The Royal Opera House and the Royal Ballet School have been linked with this cleverly designed but cornily titled "Bridge of Aspirations"



The Royal Opera House has a suitably grandiose street presence.


Bow Street Magistrates' court



The Freemasons Hall
Drury Lane Gardens, once graveyard, but now mostly a children's playground. little in the way of garden.

Theatre Royal Drury Lane, the oldest theatre in London. Its first building was here in 1663




Bust of Victorian theatre manager Augustus Harris.





Denmark Street seems somehow to have been left behind from an earlier era. It is a bit down at heel. It was laid out in 1687, and its tall buildings are certainly old. It was London's answer to Tin Pan Alley in the swinging sixties. It now mostly has guitar shops.


Regent Sounds studios was where many sixties bands recorded, including the Stones and the Kinks


Another obscure little place in a really busy built up area, which you would not find unless you knew where to look, is the Phoenix Garden. This really is a pocket park, a little scrap of land (once a car park, turned into a garden by local volunteers) It is a very fine example of doing an awful lot with clearly very little (space or money). A stark contrast to Windrush Square (see end of my Brixton entry) which is an example of how to produce so little out of so much.
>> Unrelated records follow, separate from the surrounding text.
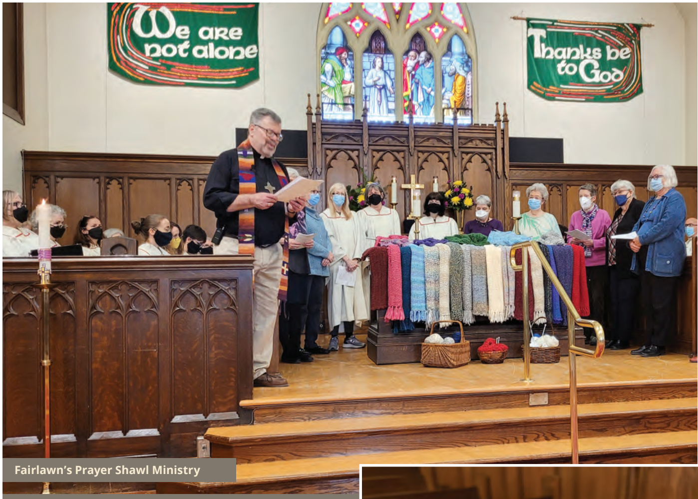
Fairlawn's Prayer Shawl Ministry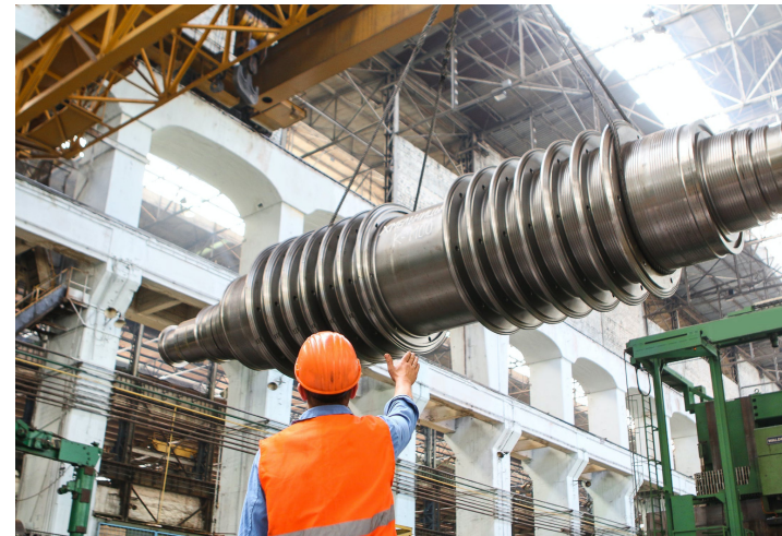
Manufacturing and Warehouse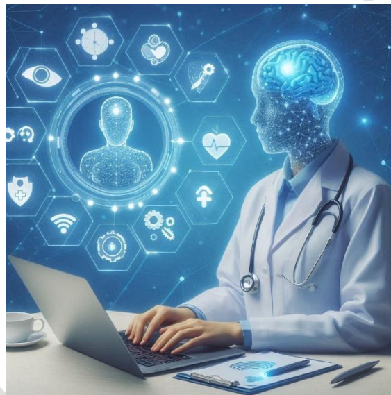
Fig. 2 Use of AI in patient health management.

This article seeks to explore how AI has been used to improve the quality of healthcare management, its benefits, and also the main fears that patients and institutions face in this regard. The above demonstrates the fundamental importance of developing robust legal frameworks that ensure AI is used responsibly for healthcare purposes, adhering to ethical criteria. The aim is to broaden the discussion to promote the application of AI for health and identify opportunities for improvement.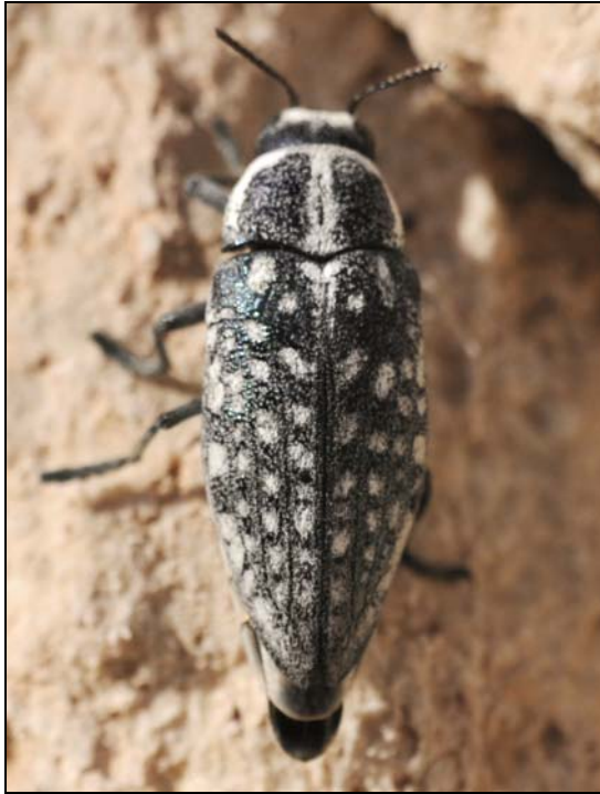
Plate 3: Julodis fimbriata lacunosa Fairmaire, UAE, near al-Ain.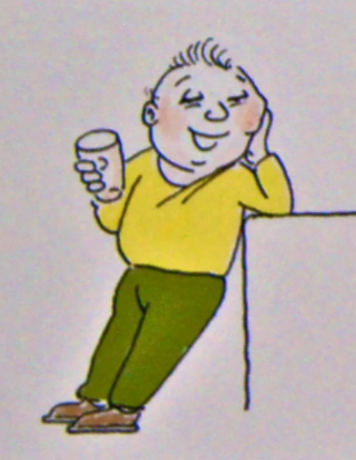
I never refuse a drink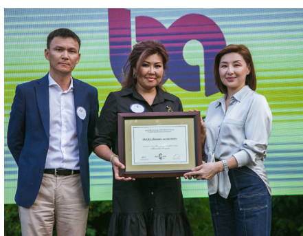
Welcome BUSINESS ASSISTANT AmCham New Member

AmCham expresses its gratitude to the mentors, mentees and partners of the project for their invaluable contribution, as well as to the US Embassy for their support!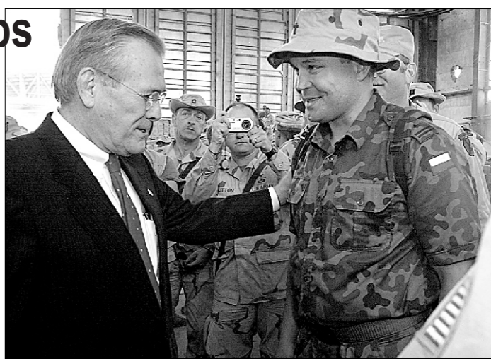
US Defence Secretary Donald Rumsfeld (L) pats an unidentified member of the allied force at the air base in Bagram on Saturday. Rumsfeld is on a day-long visit to Afghanistan to meet senior Afghan leaders and US troops.

stationed at this former Soviet base. "When this war is won, and it will be won, you will be able to say that 'I fought with the coalition in Afghanistan against terrorism' and you will be remembered for it."

Top give you an idea of how small these gardens are, a couple of women gossiping on a bench could be heard from all round the gardens, but not seen because of the clever planting.











A fox liked it too.



This is the famous Seven Dials, a meeting point of seven streets marked by a column with six dials. (The original 17th century plans only anticipated six streets apparently). The design was meant to pack in teh maximum number of houses,but its aim of attracting wealthy homeowners didn't really work and by the 19th century this was a centre of crime and prostitution. Now it is full of trendy bars and shops.


The column itself was removed in the 18th century and now resides in Weybridge. This is a 1980s replica based conveniently on the original 17th century designs which are in the collection of the British Museum. (Nice little footnote from my walking guidebook!)



The Lamb & Flag pub is over 300 years old and suits in a nice little courtyard off the main roads. The merits of pedestrianization.


The award for most obscure blue plaque might go here...

Slightly more prestigious...

Top notch name, but rather tenuous link - stayed here with her brother....
And the fame of this building lies in its blue plaque...
Charles Dickens learned here that writing is a better career than working in a blacking factory.


And to finish off, Rules, the oldest restaurant in London, starting as an oyster bar in 1798.